The role of ATP hydrolysis in the breakdown of proteins and peptides by protease La from Escherichia coli.

The energy requirement for protein breakdown in Escherichia coli appears to be due to protease La, the lon gene product, which hydrolyzes proteins and ATP in a coupled process. This novel enzyme was investigated with small peptides, identified as substrates in the preceding manuscript. Although the degradation of proteins to acid-soluble material requires hydrolysis of a nucleoside triphosphate, cleavage of small fluorogenic substrates, such as glutaryl-Ala-Ala-Phe-methoxynaphthylamine, was found to require only binding of nucleotides to the enzyme. Nonhydrolyzable analogs of ATP, slowly hydrolyzed nucleotides, and even inorganic triphosphate and pyrophosphate stimulate the breakdown of these peptides but not of large proteins such as casein or serum albumin. In addition, vanadate, an inhibitor of the enzyme's ATPase activity, prevents protein degradation, but vanadate does not inhibit and can even stimulate peptide hydrolysis. Degradation of natural oligopeptides or of small polypeptides (less than 10,000 Da) also does not require hydrolysis of the nucleotide. Furthermore, although protein substrates promote ATP cleavage, the fluorogenic peptides inhibit this process. Also, no evidence was obtained for phosphorylation of the protease or of the substrate during ATP hydrolysis.
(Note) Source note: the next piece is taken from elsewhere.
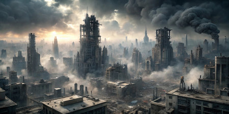 Post-apocalyptic cityscape with ruined skyscrapers and smoky atmosphere.

These findings suggest that protein breakdown involves a cyclical series of reactions: 1) ATP binds to the protease and activates it allosterically, thus allowing peptide bond cleavage; 2) the hydrolysis of ATP must occur subsequently and should prevent further peptide bond cleavage until additional nucleoside triphosphates are bound; 3) with proteins as substrates, this reaction cycle probably occurs repeatedly until small peptides are generated.